Today : Mar 02, 2025
Science
01 March 2025

New Study Predicts YouTube Users' MBTI Personalities From Comments

Research reveals the dominant personality types among users engaging with conspiracy, spirituality, and travel topics.

For decades, personality measurement has primarily relied on self-report questionnaires, leaving room for alternative methods. A recent study by researchers Luisa Stracqualursi and Patrizia Agati explores how machine learning techniques can analyze language to predict the Myers-Briggs Type Indicator (MBTI) personality types of YouTube users based on their comments. This innovative approach not only provides insights but also enhances the personalization of online content.

The classifier developed for this study utilizes natural language processing techniques to categorize YouTube commenters by their MBTI type, focusing on videos related to conspiracy theories, spirituality, and travel. Findings reveal intriguing insights about the personalities commenting on these diverse topics, showcasing a clear predominance of certain types.

The research involved scraping 140,933 comments from YouTube and filtering them to include only users with at least 100 words per comment. The data analysis indicated the most widespread MBTI type among commenters was INFP, or the 'Mediator', often recognized for being open-minded and imaginative. Close on its heels was the INTP, known for its penchant for logic and intellectual exploration.

Interestingly, the study noted distinct patterns among users commenting on different themes. For conspiracy theory discussions, INTP types emerged as the most prominent, whereas the INFP personality dominated the conversations surrounding spirituality and travel. This finding suggests how emotional engagement and interests shape online interactions.

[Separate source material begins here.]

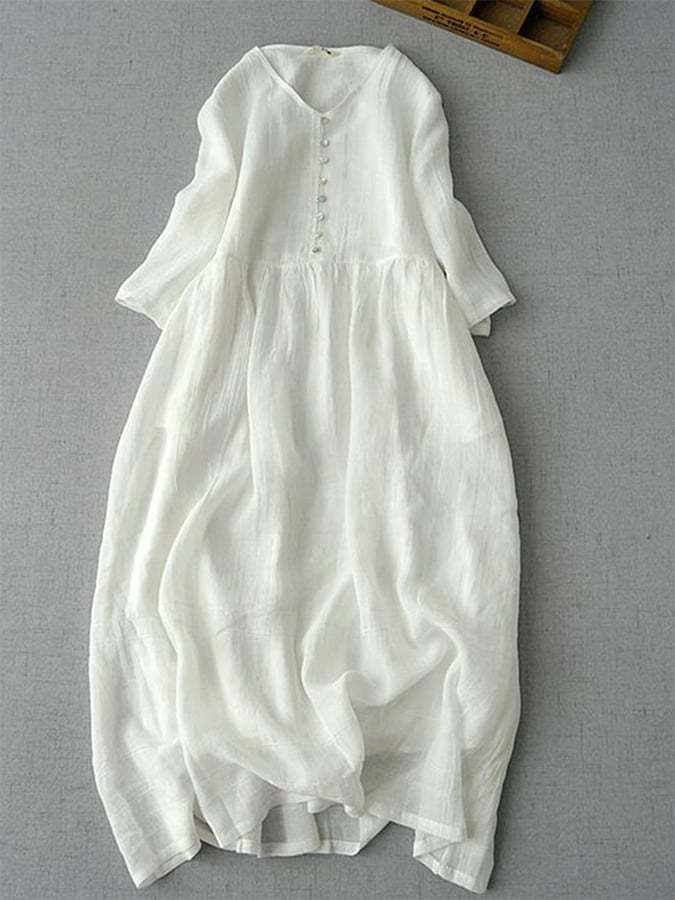 Literary And Retro Cotton And Linen V-neck Half-sleeved Dress

"The most common MBTI type among YouTubers who comment on these types of videos is INFP, followed by INTP, INFJ, and INTJ, indicating a predominance of Introverted and Intuitive individuals," the authors wrote, elucidated by the number of comments analyzed. These personality types typically engage more deeply with content, potentially reflecting their preferences for solitary contemplation or introspection.

The findings contribute to our broader approach to personality assessment, moving away from traditional self-reports and aligning with the 'self-presentation' view of personality. This perspective considers individuals' choices of language and expression as performative acts significant for personality characterization.

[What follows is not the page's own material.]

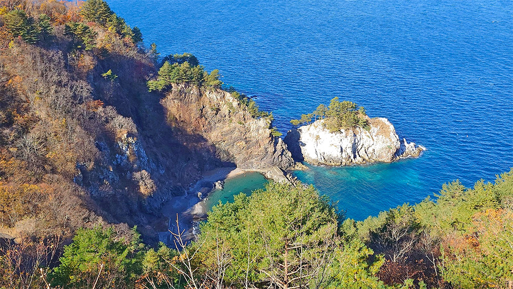 看板まで降りて覗き込むと、「ネダリ浜」の白い岩礁が見えました。確かに、あそこだけが白いです。綺麗!

Throughout the years, the MBTI has faced criticism for its methodology, but its popularity persists, particularly within organizational contexts. This research demonstrates its relevance, especially as machine learning models can provide significant predictive insights about user behavior and personality traits derived from language analysis.

Utilizing the well-established MBTI Kaggle dataset for training purposes, the researchers employed Extreme Gradient Boosting (XGBoost), yielding reliable personality forecasts. The study not only enhances the predictive power of MBTI evaluations using social media data but also affirms the concept of personality prediction with as few as 100 words from users.

Interestingly, the study notes, "Our work introduces the notion...that merely 100 words per user can yield adequate personality predictions for the first time." This statement underlines the potential for rapid personality assessments via minimal text analysis, which could eventually lead to more customized user experiences on platforms like YouTube.

The research yields opportunities for applying these findings beyond YouTube comments and pushes the envelope for targeted advertising, content recommendations, and engagement strategies. With increasing demand for personalized content online, introducing machine learning-driven personality assessments can markedly improve audience targeting across digital platforms.

Despite these promising results, the authors acknowledge potential limitations, such as the imbalanced representation of personality types within the dataset. While the project draws from data indicating trends within user interactions, the inherent imbalances could skew certain personality profiles unfairly, warranting careful consideration for organizations applying these insights strategically.

Conclusively, the study presents evidence of language patterns having the power to decode personality traits, drawing attention to the intersection of psychology and technology. By framing personality assessment through the lens of language use and machine learning, new pathways may emerge, transforming how content is marketed, displayed, and personalized across digital landscapes.